# Task item
An exact repetition of the data is required; no picture should appear in it.

# Exercise data
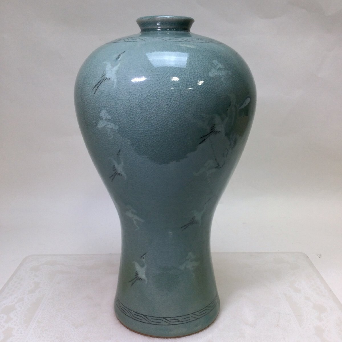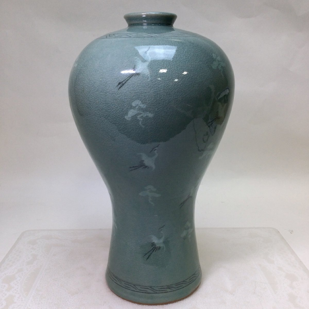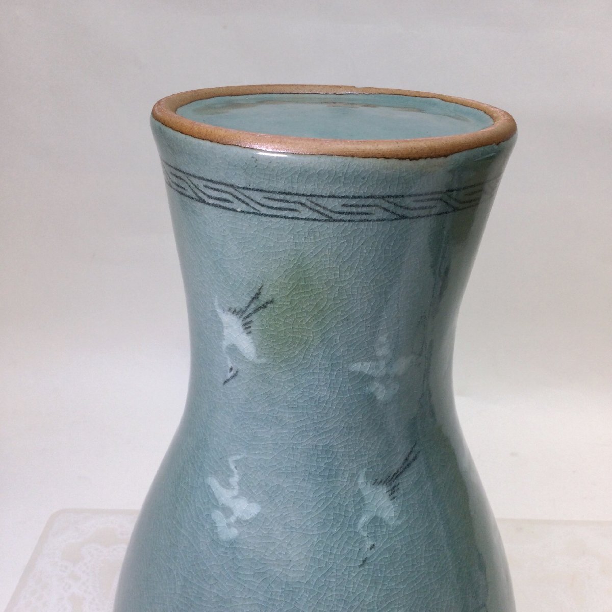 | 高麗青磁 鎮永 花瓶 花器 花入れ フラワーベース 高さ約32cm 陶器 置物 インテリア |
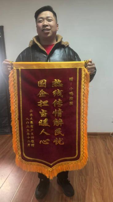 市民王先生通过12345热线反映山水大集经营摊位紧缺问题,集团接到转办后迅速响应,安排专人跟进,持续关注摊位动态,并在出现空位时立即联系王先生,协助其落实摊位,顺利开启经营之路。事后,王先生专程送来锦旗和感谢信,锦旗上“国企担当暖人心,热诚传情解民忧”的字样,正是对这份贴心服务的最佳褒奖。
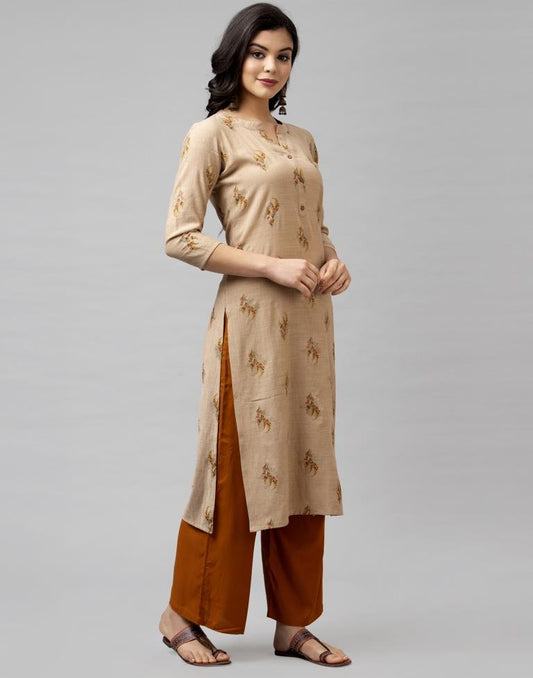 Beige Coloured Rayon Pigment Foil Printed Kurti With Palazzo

# Exercise response
 | 高麗青磁 鎮永 花瓶 花器 花入れ フラワーベース 高さ約32cm 陶器 置物 インテリア |
 市民王先生通过12345热线反映山水大集经营摊位紧缺问题,集团接到转办后迅速响应,安排专人跟进,持续关注摊位动态,并在出现空位时立即联系王先生,协助其落实摊位,顺利开启经营之路。事后,王先生专程送来锦旗和感谢信,锦旗上“国企担当暖人心,热诚传情解民忧”的字样,正是对这份贴心服务的最佳褒奖。
 Beige Coloured Rayon Pigment Foil Printed Kurti With Palazzo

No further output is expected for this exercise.